Bien sûr, à chaque messe, nous n’avons pas toujours conscience de la grandeur de ce mystère de la foi. Mais nous ne devons pas oublier que la messe, c’est le moment le plus important de la journée. C’est Jésus qui est là ; il rejoint les communautés rassemblées en son nom. Il veut se donner « pour que les hommes aient la vie et qu’ils l’aient en abondance » (Jn 10,10). Le prêtre dit avant la communion : « Voici l’Agneau de Dieu, voici celui qui enlève les péchés du monde ». Ces paroles ne sont pas seulement pour l’assemblée présente dans l’église mais pour le monde entier. Le Christ veut se donner à tous. Il est le Pain vivant offert pour la vie du monde (Jn 6,51).
Dans sa lettre aux Éphésiens (5,15-20), l’apôtre Paul vient nous aider à accueillir ce don de Dieu. « Ne vivez pas comme des fous, mais comme des sages » (Ep 5,15).

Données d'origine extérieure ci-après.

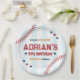 Prontos para uma festa de aniversário desportiva legal? Este design apresenta um fundo branco clássico, pintado à mão, texto azul e vermelho marinho, um beisebol, estrelas, um capacete com ilustrações de taco e bola, "Atingindo o grande", e a tipografia "Swing over". Localizar itens correspondentes no meu compro.
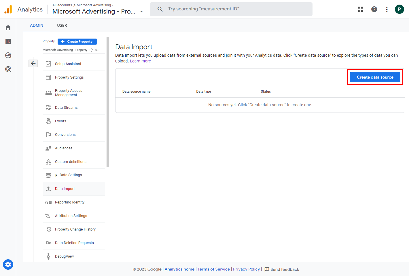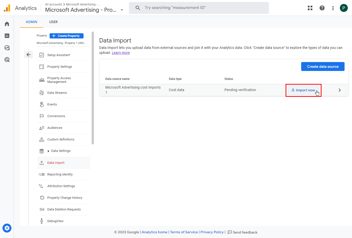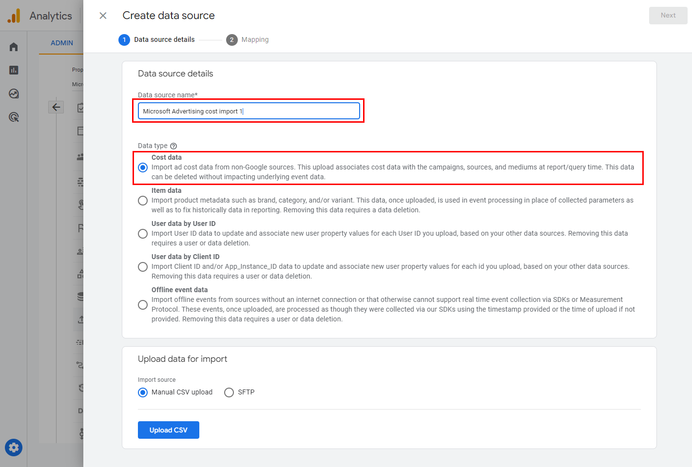 Under Data source name, enter a name for your cost import like "Microsoft Advertising cost import 1". Under Data type, make sure Cost data is selected.

Saint Paul ne ménage pas ses mots. Le fou, c’est celui qui se laisse influencer par les idées à la mode. Il mène une vie trépidante et il oublie le plus important. La seule vérité c’est celle que nous trouvons dans les Évangiles : « Je suis le Chemin, la Vérité et la Vie, nous dit Jésus, personne ne va au Père sans passer par moi » (Jn 14,6). Saint Paul nous en parle à sa manière : « Accueillir la volonté de Dieu et la Lumière de l’Esprit Saint aux jours mauvais, prier en chantant des hymnes et des psaumes, célébrer Dieu et lui rendre grâce, se retrouver en frères… » C’est ainsi qu’il nous montre comment vivre en sages.
Nous allons proclamer ensemble notre foi. Mais n’oublions pas que c’est toute l’Eucharistie qui est profession de foi. En disant le « Je crois en Dieu », nous disons que nous faisons confiance aux paroles du Christ et que nous voulons le suivre jusqu’au bout. En ce jour, nous faisons nôtre cette prière du psaume 33 : « Je bénirai le Seigneur en tout temps, sa louange sans cesse à mes lèvres. Je me glorifierai dans le Seigneur : que les pauvres m’entendent et soient en fête » (Ps 33,2-3). Par notre prière et notre charité, que nous sachions rejoindre tous les hommes, pour qu’ils aient la vie.